The ABC triangle rotates around the larger side a = 13 cm b = 14 cm c = 15 cm Find the volume.
The figure of rotation of the triangle is a double cone with a radius of OA and heights of OB and OC.
By Heron’s theorem, we determine the area of the triangle ABC.
The half-perimeter of the triangle is: p = (13 + 14 + 15) / 2 = 21 cm.
Then Sас = √21 * (21 – 13) * (21 – 14) * (21 – 15) = √7056 = 84 cm2.
Also Savs = BC * AO / 2.
AO = 2 * Savs / BC = 2 * 84/15 = 11.2 cm.
In a right-angled triangle ABO, according to the Pythagorean theorem, OB ^ 2 = AB ^ 2 = AO ^ 2 = 169 – 125.44 = 43.56.

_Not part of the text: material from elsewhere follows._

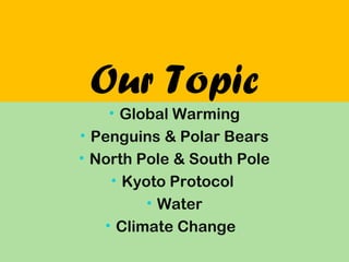 This document discusses global warming and its effects on polar bears, penguins, and the North and South Poles. It also mentions the Kyoto Protocol and climate change. The rest of the document focuses on diesel fuel in Bangladesh, including the price of diesel over the years, its top uses by sector, its inelastic demand, factors that determine its elasticity, what cross elasticity is, and how diesel's cross elasticity would be affected by changes in the price of substitutes like CNG. The document was prepared by three students and thanked their lecturer for English 102.

ОВ = 6.6 cm, then OC = ВС – ОВ = 15 – 6.6 = 8.4 cm.
The volume of the ABD cone is: V1 = π * AO ^ 2 * OB / 3 = π * 125.44 * 6.6 / 3 = π * 275.968 cm3.
The volume of the ACD cone is: V2 = π * AO ^ 2 * OC / 3 = π * 125.44 * 8.4 / 3 = π * 351.232 cm3.
V = V1 + V2 = π * 627.2 cm3.
Answer: The volume of the figure is π * 627.2 cm3.